Liu Zhiwei, an economist at Bank of Communications, said China's trade may present further contraction in February with exports sliding 17 percent and imports diving 20 percent.
"The condition may pose a big challenge for China as the country is still in the middle of industrial restructuring," Liu said. "The domestic consumption is yet to see large advancement, while industrial production still relies much on the external demand."
China's exports and imports declined 11.2 percent and 18.8 percent respectively in January, disappointing the market by a large margin.
Meanwhile, inflation growth will stay refrained with the Consumer Price Index, the main gauge of inflation, maintaining at a modest level of around 1.8 percent in February, Liu said, adding the Producer Price Index, the factory-gate measurement of inflation, likely dropped for a 48th consecutive month.

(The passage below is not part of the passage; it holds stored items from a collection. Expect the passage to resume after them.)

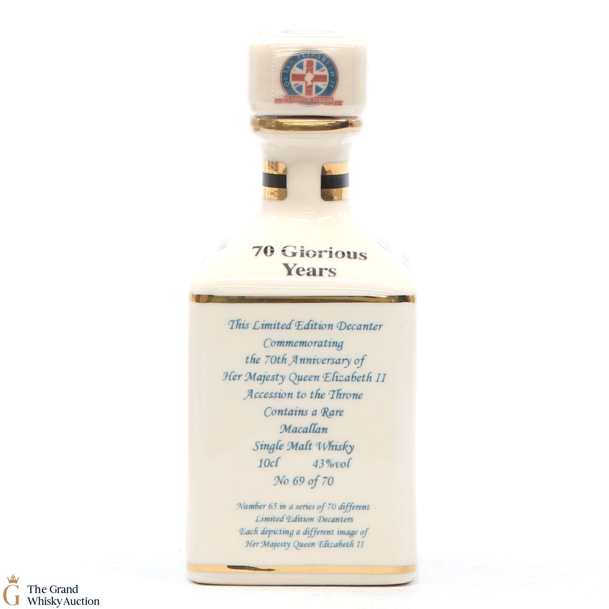 A mini decanter commemorating the 70th Anniversary of Her Majesty Queen Elizabeth II Accession to the Throne. Filled with a rare Macallan, there were only 70 full sets released which consisted of 70 different bottles.
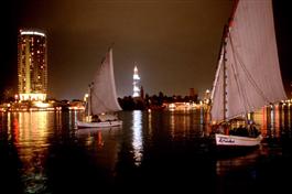Africa. Egypt. Cairo. Feluccas (sailing boats) on the River...
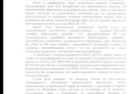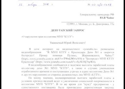 Депутат Госдумы от Краснодарского края С.П. Обухов направил депутатские запросы губернатору края и в генпрокуратуру в связи с нарушениями прав трудового коллектива Краснодарского трамвайно-троллейбусного управления.

"We expect the government to announce new accommodative policies, such as more social and infrastructure spending, an easing bias for credit policies, and new investment projects during or after the upcoming National People's Congress meeting," said Wang with UBS.

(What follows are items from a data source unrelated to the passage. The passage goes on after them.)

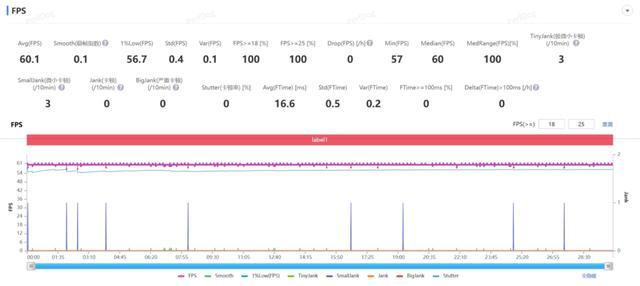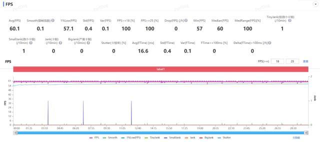 然后即是经典阵势,原神全高画质 30 分钟须弥城跑图,不开插帧的情况下,和之前广阔版 Mate 80 Pro Max 的平均 59.7 帧略好小数,平均帧率来到了 60.1,险些即是一条直线了。
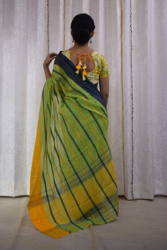 Namasya: Pale yellow, white & green Dhaniakhali saree
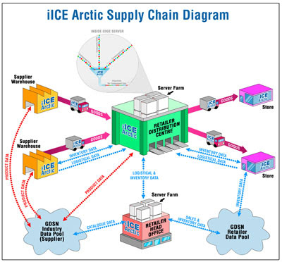 Diagram depicting the flow of supply and data - I don't really understand the technicalities, but the trucks are pretty cute.

China's gross domestic product grew 6.8 percent in the fourth quarter of last year, concluding 2015 with a rate of 6.9 percent, the slowest annual expansion in a quarter of a century.
To support the economy, the central bank announced on Monday night a reduction of reserve requirement ratio, or the amount of money banks need to hold in reserve, by 0.5 percentage points. It was the first cut since last October and the fifth since February -- estimated to free around 700 billion yuan (US$107.7 billion) into the market.
The earlier data showed China's manufacturing sector and the service sector both deteriorated in February.
The official Purchasing Managers' Index, a comprehensive gauge reflecting operational conditions in largely state-owned manufacturing companies, decreased 0.4 points from a month earlier to 49 in February, the lowest in more than three years. The official non-manufacturing PMI, a counterpart for the service sector, retreated to 52.7 in February, also down from 53.5 a month earlier.